Neuf mois après son incarcération, Serge, le père, clame son innocence (lire par ailleurs). S’il vient de perdre par décision de justice son autorité parentale, il conserve l’espoir de retrouver ses enfants.

Le mot « machination » n’est jamais prononcé, mais ses proches ne sont pas loin d’en être convaincu.

Confiées à la garde exclusive de leur maman, les trois victimes présumées souffrent, elles, des troubles psychologiques graves – peur panique, hallucination et régression infantile qui se manifestant par des problèmes récurrents d’incontinence.

Fin juillet, la toute première confrontation d’Antoine, Julien et Elisa avec leur père à sa demande aurait été pour eux une souffrance.

L’issue de ce premier crucial face-à-face n’a pas filtré.

“LA PAROLE DES ENFANTS N’EST CORROBORÉE PAR RIEN!”

Depuis sa cellule, Serge n’a jamais cessé de clamer son innocence. Son conseil, Me Rebaudengo, que nous avons contacté, se refuse à tout commentaire sur ce dossier. Ses demandes de mise en liberté ont jusqu’à présent été refusées.

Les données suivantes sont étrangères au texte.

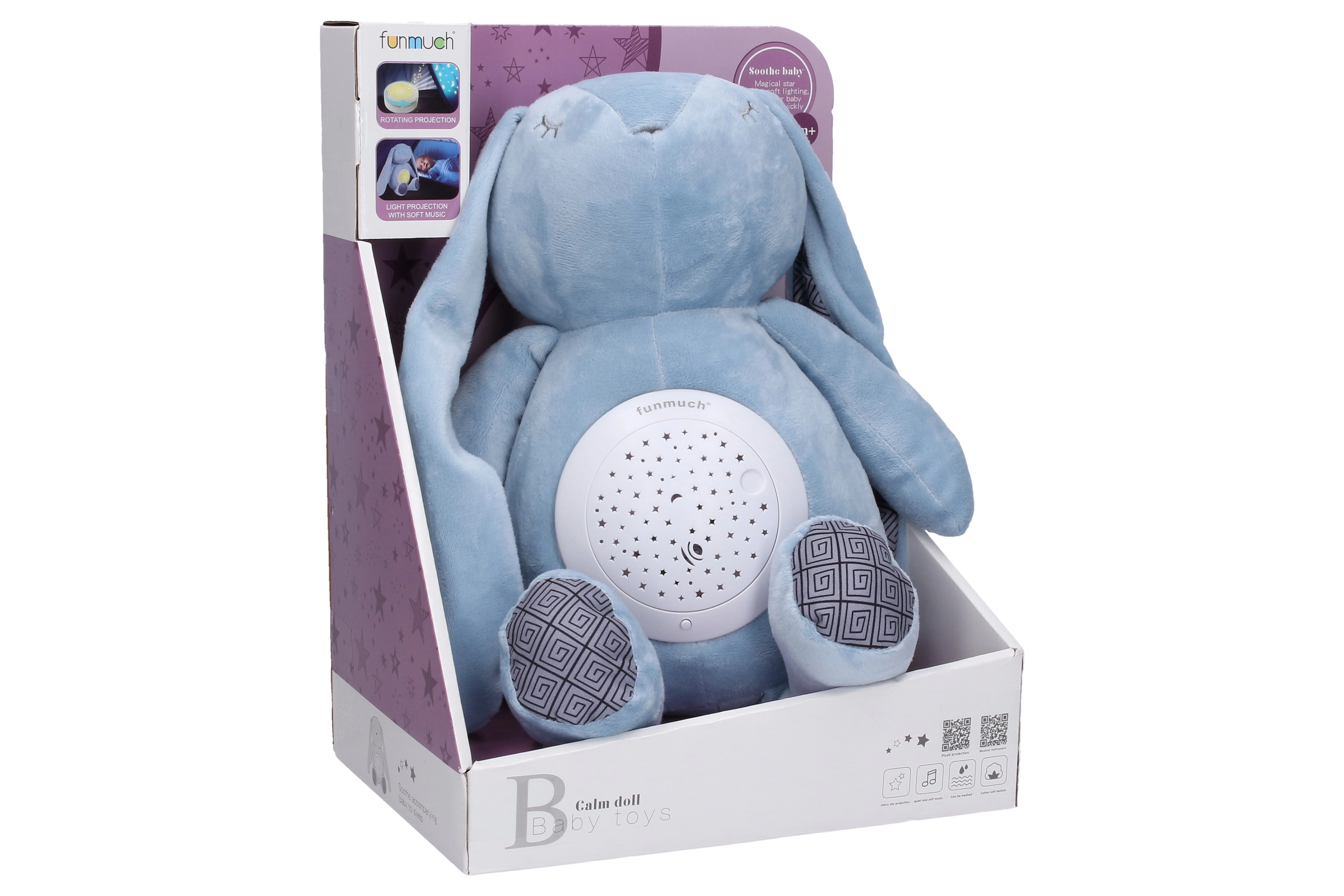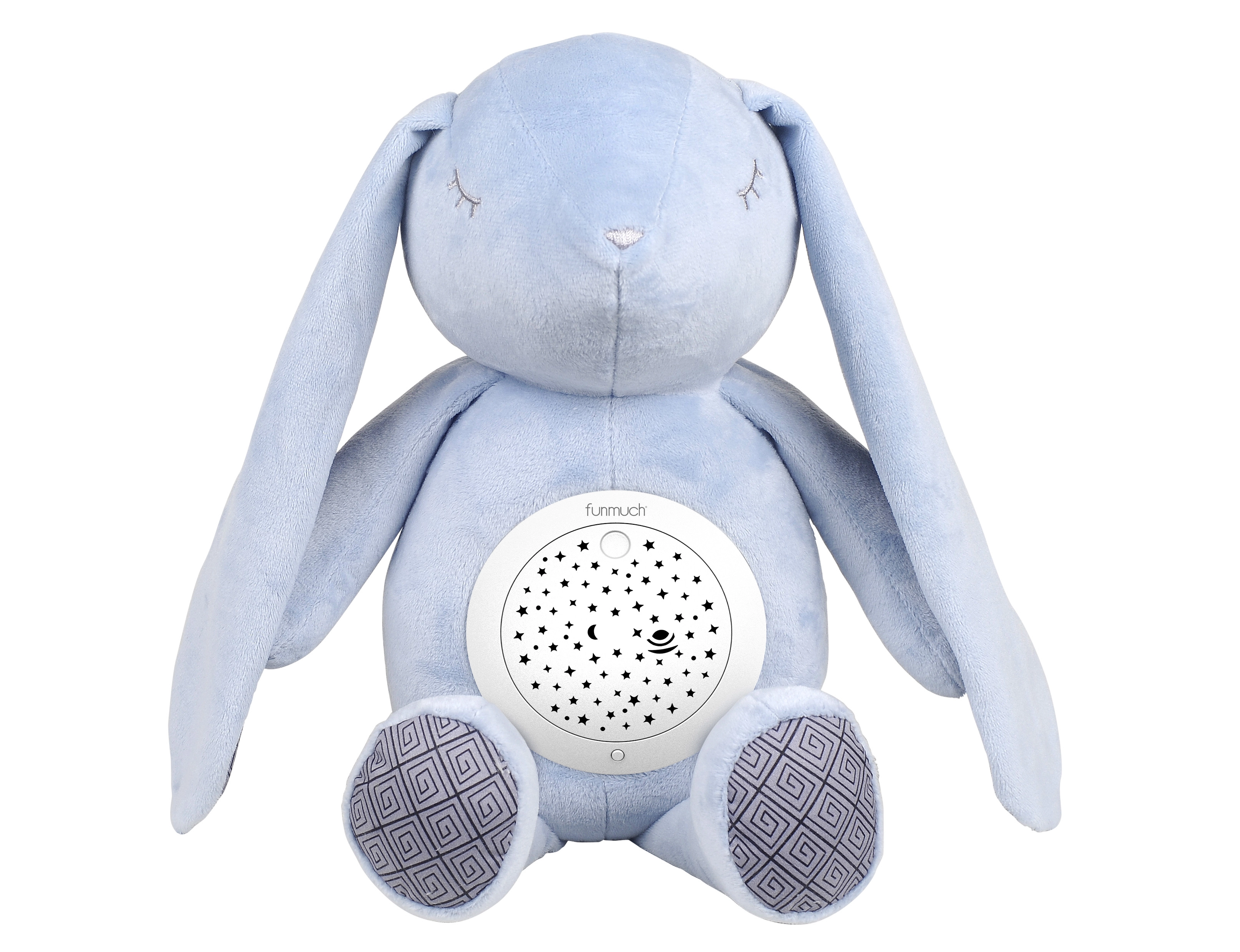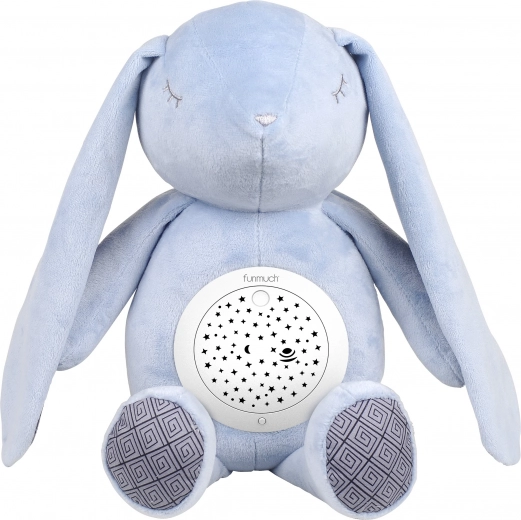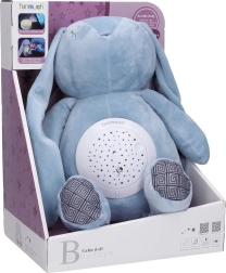 El conejito para dormir con proyector es el compañero ideal para la habitación infantil. Gracias a la combinación de luz suave y melodías relajantes, crea un ambiente agradable para dormir. El proyector está situado en la barriguita del conejito, donde ilumina, gira y crea una proyección reconfortante.

En mars dernier, Serge avait d’ailleurs engagé une grève de la faim pendant sept jours. S’il n’est pas à l’isolement, seul André, son ancien patron, a obtenu un droit de visite au parloir de la prison de Grasse. Ce dernier est d’ailleurs aujourd’hui son meilleur avocat:

“Je vais le voir une fois par semaine.”

Ce Cannois d’une quarantaine d’années a, il est vrai, mis toute sa confiance en Serge. Depuis qu’il l’a recruté en 2005, il lui a permis de gravir tous les échelons dans sa société, lui confiant le management de la relation entreprise.

Serge, le père de famille, est incarcéré à la maison d’arrêt de Grasse. Seul André, son ancien patron, a obtenu un droit de visite au parloir.

Serge, le père de famille, est incarcéré à la maison d’arrêt de Grasse. Seul André, son ancien patron, a obtenu un droit de visite au parloir. Photo J.-F. Ottonello

“Depuis huit mois, on lui a interdit les visites des membres de sa famille. Ok, mais plusieurs demandes de parloir ont également été déposées par des collègues de travail, et toutes
ont été rejetées… Pourquoi?”,

s’interroge-t-il.

Le secret qui a été la règle autour de cette enquête de la gendarmerie de Mandelieu, il a pensé parfois à le briser.

“Je me disais qu’il était peut-être utile qu’on parle de cette affaire, pour faciliter la recherche de la vérité.”

André ne mâche pas ses mots:

“J’ai côtoyé Serge pendant plus de dix ans, je suis pourtant père moi-même de deux enfants, les actes dont on parle sont odieux, mais j’ai l’intime et absolue conviction qu’il est tout simplement innocent. Peut-on laisser un homme neuf mois en prison, sur la base de témoignages de si jeunes enfants?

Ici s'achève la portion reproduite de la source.